Explanation of Arguments

Usage & Help Message

usage: python3 /mercury/mercury/mercury.py <input_table.tsv> <table_name> <samplenames> [<args>]

Mercury prepares and formats metadata for submission to national & international genomic databases

positional arguments:
  input_table
          The table containing the metadata for the samples to be submitted
  table_name
          The name of the first column in the table (A1); include the `_id` if data table is downloaded from Terra.bio
  samplenames
          The sample names to be extracted from the table

optional arguments:
  -h, --help
          show this help message and exit
  -v, --version
          show program's version number and exit
  -o, --output_prefix 
          The prefix for the output files
          default="mercury"
  -b, --gcp_bucket_uri 
          The GCP bucket URI to store the temporarily store the read files (required)

submission type arguments:
  options that determine submission type

  --organism 
          The organism type of the samples in the table
          default="sars-cov-2"
  --skip_ncbi
          Add to skip NCBI metadata preparation; prep only for GISAID submission

metadata customization arguments:
  options that customize the metadata configuration

  --skip_county
          Add to skip adding county to location in GISAID metadata
  --usa_territory
          Add if the country is a USA territory to use the territory name in the state column
  --using_clearlabs_data
          Add if using Clearlabs-generated data and metrics
  --using_reads_dehosted
          Add if using reads_dehosted instead of clearlabs data
  --single_end
          Add if the data is single-end

metadata population arguments:
  options that populate metadata fields

  --amplicon_primer_scheme [AMPLICON_PRIMER_SCHEME ...]
          Amplicon primer scheme
  --amplicon_size [AMPLICON_SIZE ...]
          Amplicon size
  --authors [AUTHORS ...]
          Authors of the study
  --bioproject_accession [BIOPROJECT_ACCESSION ...]
          Bioproject accession number
  --continent [CONTINENT ...]
          Continent of the sample
  --country [COUNTRY ...]
          Country of the sample
  --gisaid_submitter [GISAID_SUBMITTER ...]
          GISAID submitter
  --host_disease [HOST_DISEASE ...]
          Disease of the host
  --instrument_model [INSTRUMENT_MODEL ...]
          Instrument model
  --isolation_source [ISOLATION_SOURCE ...]
          Source of isolation
  --library_layout [LIBRARY_LAYOUT ...]
          Library layout
  --library_selection [LIBRARY_SELECTION ...]
          Library selection method
  --library_source [LIBRARY_SOURCE ...]
          Library source
  --library_strategy [LIBRARY_STRATEGY ...]
          Library strategy
  --metadata_organism [METADATA_ORGANISM ...]
          Organism name for metadata population
  --purpose_of_sequencing [PURPOSE_OF_SEQUENCING ...]
          Purpose of sequencing
  --seq_platform [SEQ_PLATFORM ...]
          Sequencing platform
  --state [STATE ...]
          State of the sample
  --submitter_email [SUBMITTER_EMAIL ...]
          Submitter email
  --submitting_lab [SUBMITTING_LAB ...]
          Submitting laboratory
  --submitting_lab_address [SUBMITTING_LAB_ADDRESS ...]
          Address of the submitting laboratory

quality control arguments:
  options that control quality thresholds (currently only for SARS-CoV-2 samples)

  -a, --vadr_alert_limit 
          The maximum number of VADR alerts allowed for SARS-CoV-2 samples
          default=0
  -n, --number_n_threshold 
          The maximum number of Ns allowed in SARS-CoV-2 assemblies
          default=5000

logging arguments:
  options that change the verbosity of the stdout logging

  --verbose
          Add to enable verbose logging
  --debug
          Add to enable debug logging; overwrites --verbose

Please contact support@theiagen.com or sage.wright@theiagen.com with any questions

Positional & Required Arguments

To successful run Mercury, these arguments are required.
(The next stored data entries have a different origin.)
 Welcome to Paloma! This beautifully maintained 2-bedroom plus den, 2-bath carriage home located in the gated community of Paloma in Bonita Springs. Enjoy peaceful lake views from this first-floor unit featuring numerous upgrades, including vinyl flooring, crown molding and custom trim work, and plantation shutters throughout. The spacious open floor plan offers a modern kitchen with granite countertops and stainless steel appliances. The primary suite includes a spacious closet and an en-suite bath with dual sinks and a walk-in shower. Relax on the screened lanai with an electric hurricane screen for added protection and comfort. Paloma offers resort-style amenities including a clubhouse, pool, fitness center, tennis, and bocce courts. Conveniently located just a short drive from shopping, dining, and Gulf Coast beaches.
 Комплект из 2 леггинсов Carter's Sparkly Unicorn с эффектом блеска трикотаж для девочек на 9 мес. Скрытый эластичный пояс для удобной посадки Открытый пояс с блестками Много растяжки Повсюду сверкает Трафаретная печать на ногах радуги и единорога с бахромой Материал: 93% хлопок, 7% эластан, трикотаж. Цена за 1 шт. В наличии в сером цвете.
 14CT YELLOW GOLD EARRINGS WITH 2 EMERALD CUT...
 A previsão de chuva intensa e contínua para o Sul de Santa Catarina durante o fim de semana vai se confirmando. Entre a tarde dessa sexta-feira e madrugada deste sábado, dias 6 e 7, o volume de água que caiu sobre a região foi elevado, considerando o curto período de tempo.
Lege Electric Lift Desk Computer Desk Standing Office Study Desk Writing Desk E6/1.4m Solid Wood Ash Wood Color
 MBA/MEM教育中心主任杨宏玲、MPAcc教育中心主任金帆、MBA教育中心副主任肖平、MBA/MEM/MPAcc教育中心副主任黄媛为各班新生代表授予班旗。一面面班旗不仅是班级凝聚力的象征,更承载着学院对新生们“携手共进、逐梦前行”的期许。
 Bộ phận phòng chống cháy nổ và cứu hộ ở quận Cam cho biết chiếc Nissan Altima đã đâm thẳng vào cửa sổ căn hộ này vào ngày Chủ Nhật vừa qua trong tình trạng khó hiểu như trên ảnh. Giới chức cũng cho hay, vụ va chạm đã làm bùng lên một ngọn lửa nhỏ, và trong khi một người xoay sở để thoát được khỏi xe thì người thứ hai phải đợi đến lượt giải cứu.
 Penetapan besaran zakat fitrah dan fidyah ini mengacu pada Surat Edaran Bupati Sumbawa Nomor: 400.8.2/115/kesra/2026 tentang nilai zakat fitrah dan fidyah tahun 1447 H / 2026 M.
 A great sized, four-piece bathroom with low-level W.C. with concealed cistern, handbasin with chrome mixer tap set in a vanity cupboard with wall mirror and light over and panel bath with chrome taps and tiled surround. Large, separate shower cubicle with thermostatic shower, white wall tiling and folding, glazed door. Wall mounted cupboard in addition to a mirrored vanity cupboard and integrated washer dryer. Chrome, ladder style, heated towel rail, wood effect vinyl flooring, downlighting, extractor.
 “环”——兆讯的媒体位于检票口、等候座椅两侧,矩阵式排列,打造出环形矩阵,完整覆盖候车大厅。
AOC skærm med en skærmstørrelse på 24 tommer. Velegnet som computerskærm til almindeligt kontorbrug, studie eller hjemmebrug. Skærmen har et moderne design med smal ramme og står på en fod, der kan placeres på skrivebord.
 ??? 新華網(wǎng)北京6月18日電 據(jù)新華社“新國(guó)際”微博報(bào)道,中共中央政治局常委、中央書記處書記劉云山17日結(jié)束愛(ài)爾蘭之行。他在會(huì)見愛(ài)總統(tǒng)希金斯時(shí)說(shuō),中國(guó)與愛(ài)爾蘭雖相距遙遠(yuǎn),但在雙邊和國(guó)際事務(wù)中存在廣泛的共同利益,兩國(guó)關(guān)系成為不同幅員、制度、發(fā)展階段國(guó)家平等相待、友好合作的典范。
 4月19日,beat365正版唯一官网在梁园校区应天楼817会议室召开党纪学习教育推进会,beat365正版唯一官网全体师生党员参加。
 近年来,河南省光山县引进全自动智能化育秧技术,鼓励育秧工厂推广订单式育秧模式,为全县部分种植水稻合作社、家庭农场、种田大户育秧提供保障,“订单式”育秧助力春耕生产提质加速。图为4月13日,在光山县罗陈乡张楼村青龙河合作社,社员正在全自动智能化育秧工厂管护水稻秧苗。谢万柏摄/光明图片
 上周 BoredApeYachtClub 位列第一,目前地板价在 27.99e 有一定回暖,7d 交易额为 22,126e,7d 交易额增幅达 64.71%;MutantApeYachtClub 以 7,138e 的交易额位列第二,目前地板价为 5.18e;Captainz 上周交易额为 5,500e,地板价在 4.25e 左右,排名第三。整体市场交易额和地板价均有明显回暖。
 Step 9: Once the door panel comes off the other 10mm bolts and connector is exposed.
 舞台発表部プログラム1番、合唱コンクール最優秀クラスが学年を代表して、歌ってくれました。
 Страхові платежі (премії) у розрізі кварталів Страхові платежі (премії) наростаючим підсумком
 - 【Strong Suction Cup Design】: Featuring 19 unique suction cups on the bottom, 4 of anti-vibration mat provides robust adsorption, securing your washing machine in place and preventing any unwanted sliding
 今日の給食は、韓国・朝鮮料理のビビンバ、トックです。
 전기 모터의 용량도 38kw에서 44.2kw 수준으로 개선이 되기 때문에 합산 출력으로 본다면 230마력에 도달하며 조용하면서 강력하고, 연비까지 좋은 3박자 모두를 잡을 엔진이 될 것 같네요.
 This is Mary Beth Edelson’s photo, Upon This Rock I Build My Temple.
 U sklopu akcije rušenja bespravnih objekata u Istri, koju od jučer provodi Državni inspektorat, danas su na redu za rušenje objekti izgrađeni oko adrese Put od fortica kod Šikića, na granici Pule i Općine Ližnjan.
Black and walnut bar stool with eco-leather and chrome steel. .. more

input_table: The table containing the metadata for the samples to be submitted in TSV format
table_name: The name of the first column in the table (A1) in its entirety
samplenames: The sample names to be extracted from the table (or in other words, the names of the rows in the table) in a comma-delimited list
--gcp_bucket_uri: The GCP bucket URI to store the temporarily store the read files (such as gs://bucket_with_sra_access_permissions; contact support@theiagen.com if you would like to use the GCP bucket we use for this purpose)

Optional Arguments

These arguments provide helpful information, or help customize the output file names.

-h, --help: Show the help message and exit
-v, --version: Show the program's version number and exit
-o, --output_prefix: The prefix for the output files (default is "mercury")

Submission Type Arguments

These arguments change the type of submission Mercury prepares.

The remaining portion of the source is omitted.